Note: We are NOT going to implement the sparkline visualizations from the design, to avoid performance bucketing problems.

  • ~Implement the View Trace in APM button~ Now handled by https://github.com/elastic/kibana/issues/84849
    > APM correlation
    >
    > host.name, process.pid, @timestamp can be used to correlate a process with an APM service, that can place an APM agent language icon beside the process name on the table.

Discussion about how to link to APM is partially here -> https://github.com/elastic/kibana/issues/80307#issuecomment-716916730

  • ~Group queries by process.command_line instead of system.process.cmdline for proper ECS adherence (https://github.com/elastic/beats/pull/22325)~ Holding off on this; seems to be buggy
Metrics UI logs-metrics-ui enhancement

Most helpful comment

@jasonrhodes correct, @alex-fedotyev and I discussed this and came to the conclusion that linking to a service is better than to a particular trace.

All 26 comments

Pinging @elastic/logs-metrics-ui (Team:logs-metrics-ui)

@elastic/apm @sqren @sorantis @nehaduggal can any of you help us understand the "View Trace in APM" requirement in this ticket?
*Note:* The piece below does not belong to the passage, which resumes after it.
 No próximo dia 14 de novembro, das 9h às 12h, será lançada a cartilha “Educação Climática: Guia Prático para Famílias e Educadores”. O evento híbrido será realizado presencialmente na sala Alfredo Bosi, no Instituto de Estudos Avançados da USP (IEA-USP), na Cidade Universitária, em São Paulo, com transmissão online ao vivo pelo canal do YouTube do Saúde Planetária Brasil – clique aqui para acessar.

How can we most easily/safely link to APM from a running process with host.name, process.pid, and @timestamp? And would we be linking to a _trace_ or would it more likely be to a service page? Thanks!
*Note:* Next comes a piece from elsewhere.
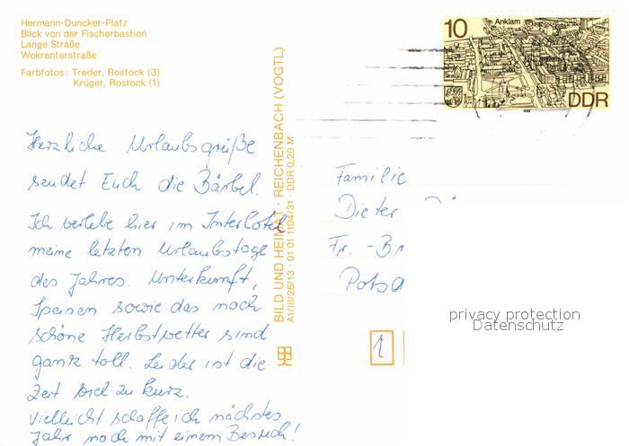 72884234 alte Postkarte ROSTOCK CITY Duncker Platz Fischerbastion Lange Strasse Wokrenterstrasse postalisch gelaufen Erhaltung siehe scans [WerneD78] KatCode: 11110013003000
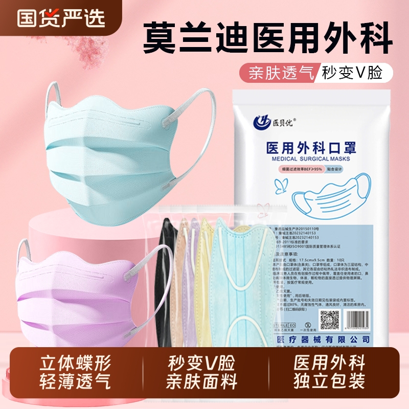 医医用外科口罩蝶形一次性医疗正品彩色夏季薄款立体女高颜值防护

UPDATE: I just saw this comment -> https://github.com/elastic/kibana/issues/80307#issuecomment-716916730

It looks like there is still some ambiguity about where exactly to link?

After meeting with @hbharding, @sorantis, @simianhacker, @Zacqary, @phillipb, and @katefarrar about this work, we decided to make a few performance and UX optimizations.

Step 1 (these will be added to the AC for this ticket):

  • Remove the sparkline visualizations from the process list view
  • De-couple the queries for the data needed for the expanded view and only make that request for an individually expanded accordion on demand, rather than loading it as part of the list query for all processes.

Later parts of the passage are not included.